Ecological cycle disturbances encompass disruptions to the intricate balance of natural processes vital for the functioning of ecosystems. Healthy ecosystems depend on a delicate equilibrium among diverse ecological cycles that support life. Chamera Dam -I construction can significantly impact ecological cycles. Chamera Dam –I is alter the natural flow of rivers, disrupting the water cycle and the habitats of various species. These structures impede the movement of sediments and nutrients downstream, affecting the soil fertility and the survival of organisms that rely on these resources. Additionally, Chamera Dam -I construction can influence the life cycles of aquatic species, blocking fish migration routes and altering their breeding and feeding patterns. The modifications in water levels and flows can also impact the local climate and vegetation, affecting the habitats and food sources of numerous terrestrial species. The responses you mentioned, indicating a strong agreement (67%), suggest a widespread concern among respondents regarding the ecological disturbances caused by large Chamera Dam -I constructions. This aligns with the understanding that such developments can significantly disrupt the delicate balance of ecological cycles within affected ecosystems.
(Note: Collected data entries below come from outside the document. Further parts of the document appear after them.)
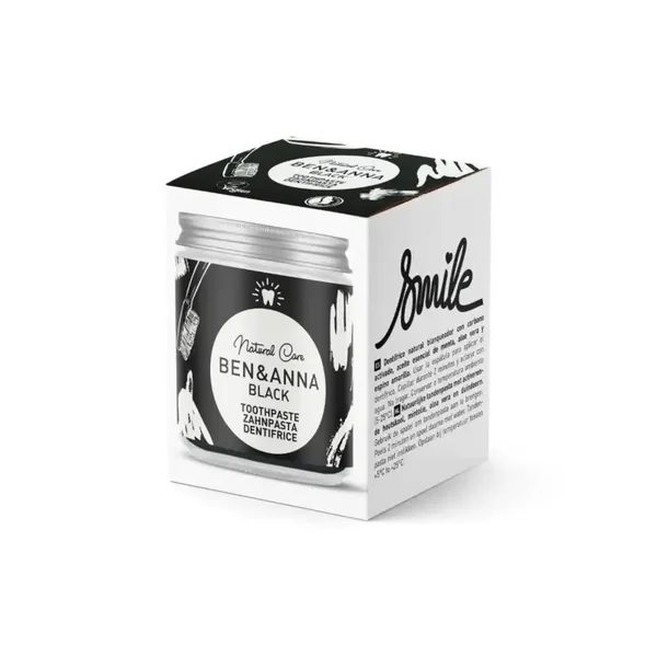 Ben & Anna Natural Care Toothpaste Black is een krachtige, natuurlijke en vegan tandpasta in een herbruikbaar glazen potje met aluminium dekseltje, ontwikkeld voor wie houdt van een frisse mond, een grondige reiniging en een zero waste levensstijl. Deze zwarte tandpasta zonder fluoride onderscheidt zich duidelijk van de White-variant door haar intensere karakter en het gebruik van actieve kool uit bamboe. De combinatie van een stoere uitstraling en een bewuste samenstelling maakt deze tandpasta perfect voor iedereen die duurzame mondverzorging wil combineren met een krachtige poetsbeleving.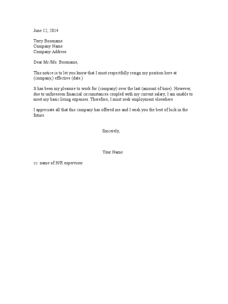 Resignation letter due to low salary. It has been a pleasure to work with your company, and i thank you. Sample 1 resignation letter for unsatisfied salary “[below briefly describe on sample resign letter format due to poor salary. Sample 4 “ dear [employer], i am writing to share that i will be resigning as [your position] effective [last date].
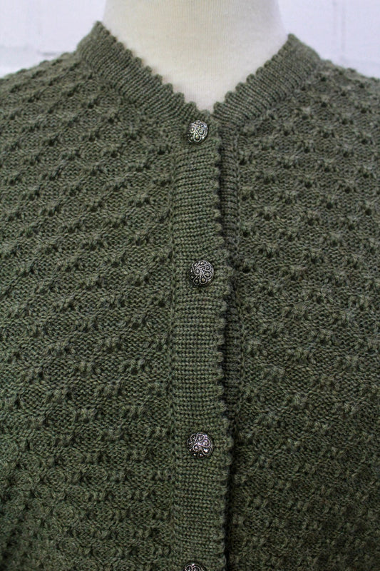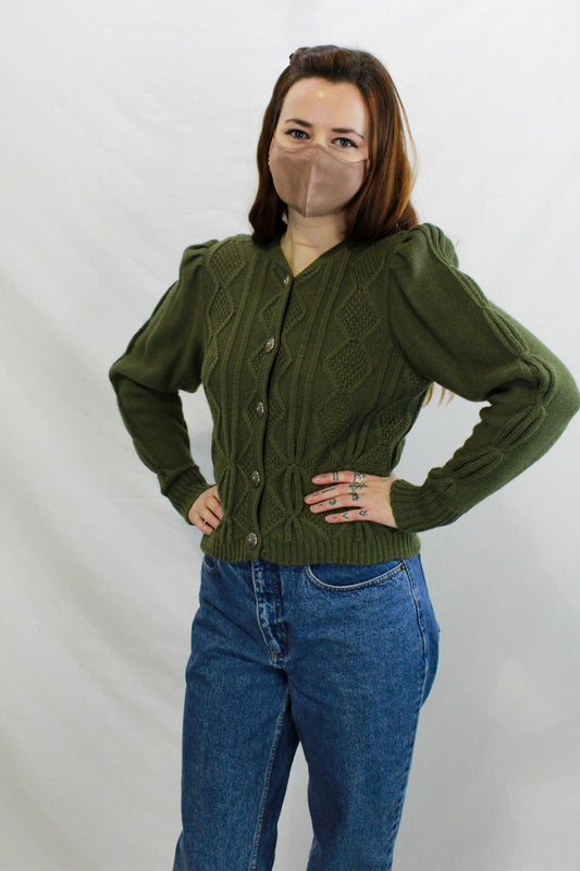 Vintage 1980s Green Wool Austrian Cardigan, Puff Sleeves, Deadstock, Medium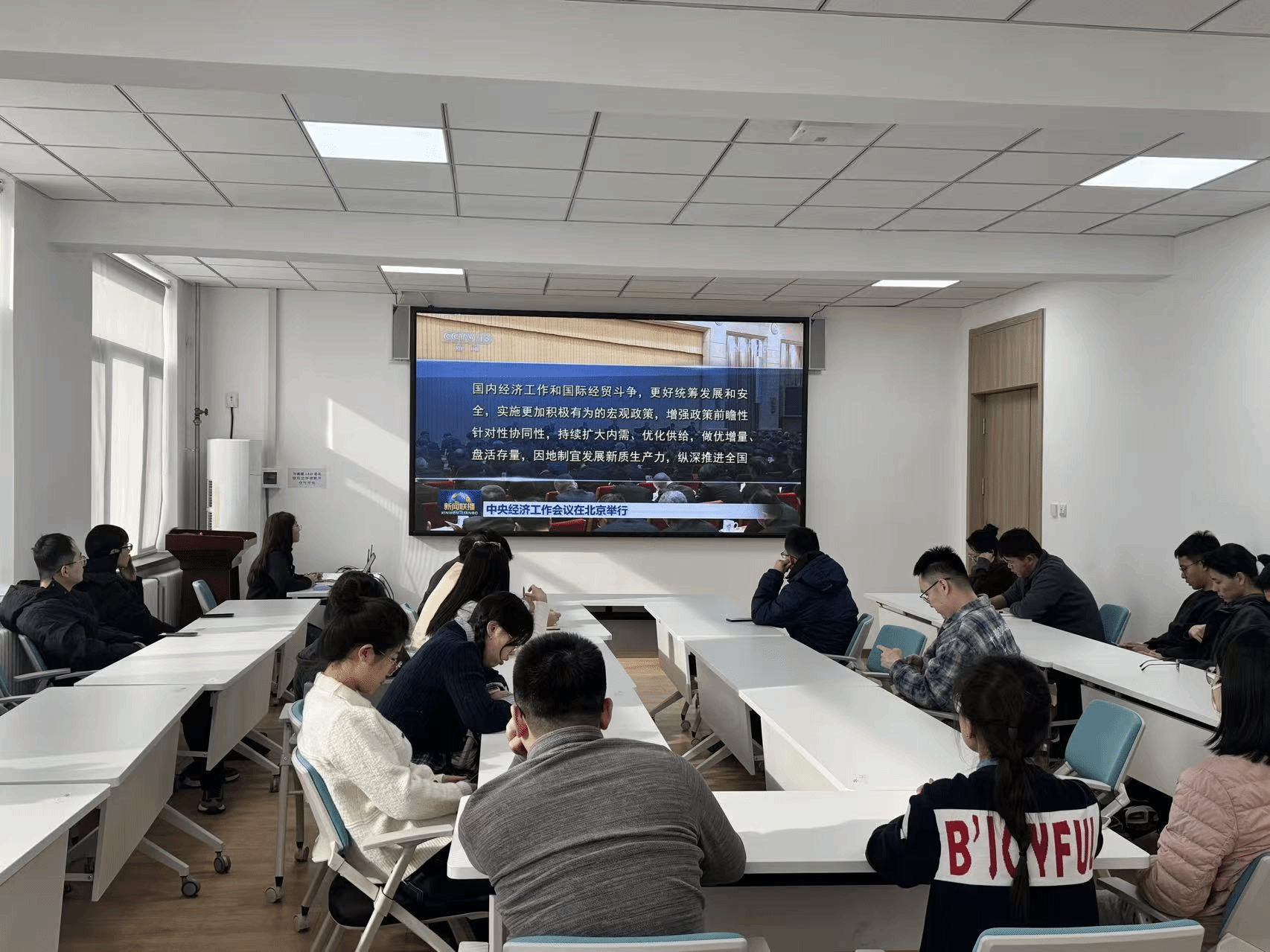 在第二项议程中,全体党员集体学习2025年中央经济工作会议精神。本次学习紧扣会议提出的“要坚持稳中求进、提质增效”“坚持创新驱动 加紧培育壮大新动能”等核心部署,结合等离子体物理学科在新能源、新材料等领域的应用前景展开讨论。党员们纷纷表示,要深刻把握国家经济发展导向,将个人科研方向与国家战略需求紧密结合,以科技创新助力高质量发展,让青春奋斗扎根在祖国需要的地方。

Microclimate change (rainfall, temperature) a significant majority, comprising 83% of respondents living near a hydropower project, attribute local climate changes to the construction of Chamera Dam –I . Their belief is rooted in the speculation that the dryness resulting from multiple Dam projects along river lengths might trigger alterations in the microclimate. Specifically, concerns are raised about potential temperature increases within the river valley due to this transformation. Microclimates, delicate and localized climatic conditions, are subject to a variety of influences. These encompass topography, vegetation cover, human activities, and local weather patterns. In the context of Chamera Dam -I construction, the potential impact on the microclimate arises from the extensive drying of river segments. This drying is linked to changes in the immediate weather patterns and conditions, which, in turn, can lead to alterations in the local climate of the river valley. The prevalent perception among the nearby population reflects a deep-seated connection between large-scale construction projects and consequential alterations in the microclimate, emphasizing the intricate interplay of various environmental factors in shaping local weather conditions.

Discussion

Rivers are really important in different landscapes because they help with energy, matter, and different kinds of living things. When dams are built on rivers, like the Chamera Dam -I, it changes the local environment a lot. The dam stops the natural flow of things like dirt and rocks downstream, which can affect the plants and animals that live there.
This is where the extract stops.